Thing is, “bartender’s choice” has been the convention at cocktail bars for years—and it’s pretty much standard policy for serious drinkers. There’s no need to study up on sidecars and pisco sours before sidling up to a bar stool, just walk in and ask the bartender what he feels like serving. You’ll get better drinks, and learn something new.
This is also an excellent test if you’re unsure about a drinking establishment: if a bartender ever gives you a funny look, shrug, or surly retort after you ask what he/she recommends, you’re in a bad bar.
2. Buy better wine.
I know, I know. Spending more money is sort of an anti New Year’s resolution. But we’re not in college anymore, folks. Adult drinking should be all about quality over quantity.

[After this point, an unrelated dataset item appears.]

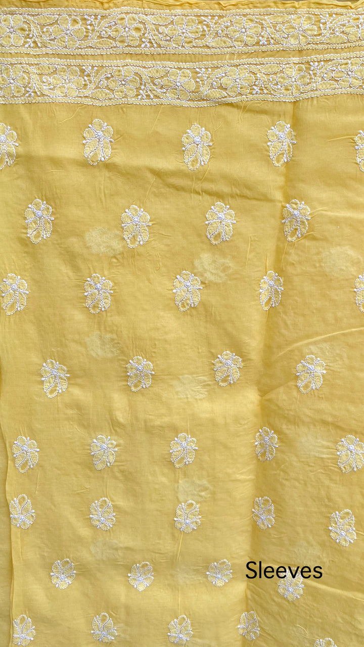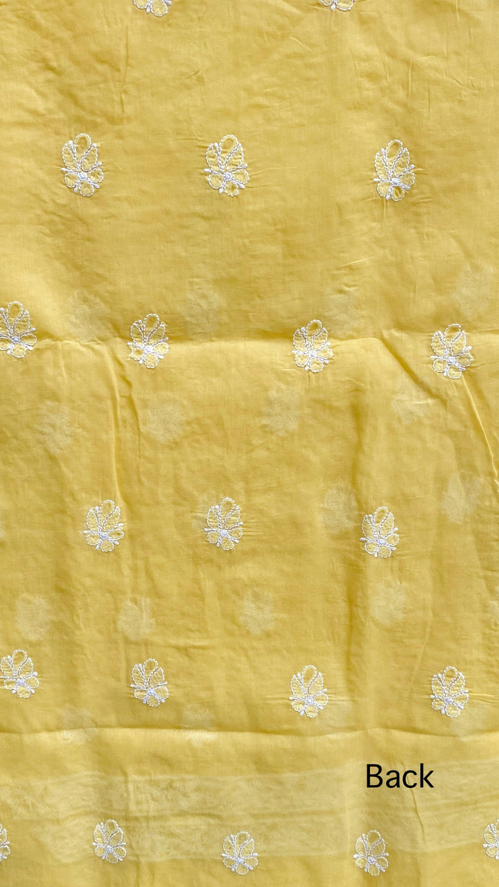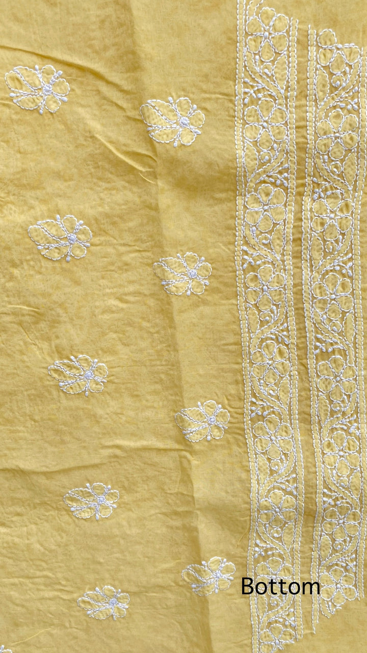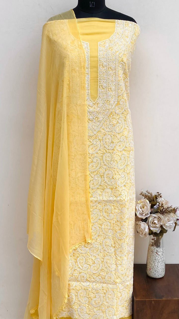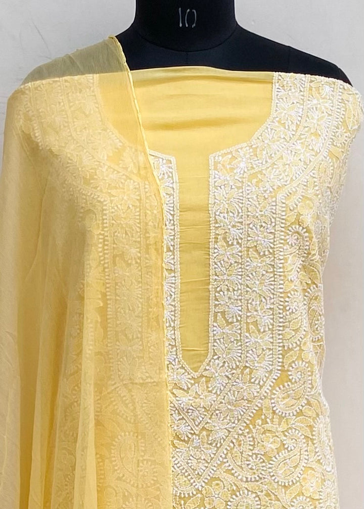 Lucknowi Chikankari Suit Length 3 Piece Yellow Cotton With Pure Chiffon Dupatta & Embroidered Same Colour Cotton Bottom

Let’s say you drink two bottles a week of the same $10 oak chip-soaked cloying chard. That’s $80 a month you are spending on junky wine! Instead, take that $80 to your local wine merchant, and ask her to pick out four bottles of Washington wine around $20, then bring them home and sip through each one slowly, concentrating on its unique flavors. You’ll drink less, and really start to learn about the great wines of Washington.
3. Find your beer.
If you have an allergy, that’s one thing. But if you think you don’t like beer just because you never found one that tingled your tastebuds, you need to keep trying. Because once you discover the beer you love, you’ll uncover the joys of one of humankind’s oldest pleasures. I’ll refrain from rhapsodizing about the perfect pint of pleasure that is a well-served ale at a neighborhood pub, but I won’t refrain from urging you to experiment: as a Northwesterner, you ought to embrace your brews.
Places to practice: local pubs and breweries.
4. Make time for wine tastings.
There’s something about the word “tasting” that makes people want to hide their wallets. But Seattle is full of generous and fun free wine tastings. You’ll get acquainted with new wines without spending a dime.
5. Become a Locaboozer.
Recently, Washington State changed its laws, easing up on entrepreneurial local spirit makers looking to get in on the booze game. A short trip to Woodinville will bring you inside the tasting room at Soft Tail Spirits, while Sound Spirits hopes to open its Interbay tasting room early this year. You can try Dry Fly gin (and sometimes whiskey) at most good local cocktail bars.
Meanwhile, Oregon, a state with far more sensible booze legislation, is overflowing with excellent smallbatch suppliers. If you start getting seriously into local liquors, I strongly urge you to attend next year’s Great American Distilling Festival in Portland—it’s a chance to try all kinds of Northwest-made spirits, and it involves a mixology smackdown between the bartenders of Seattle, Portland, and San Francisco. I was lucky enough to be a judge in 2009, and I had an absolute blast.
Bonus resolution: Read Sauced
Okay, sorry for the tacky self promoting plug, but I wanted to let you know that my number one New Year’s Resolution is to keep trying to make this blog the best it can be. Look out for new features (including more wine and beer coverage), more people—there are a bunch of great boozeworld characters I want to introduce you to—more at-home cocktail experimentation, more, more, more.
We’ll drink, we’ll learn, we’ll have a great time. I can’t wait to get started.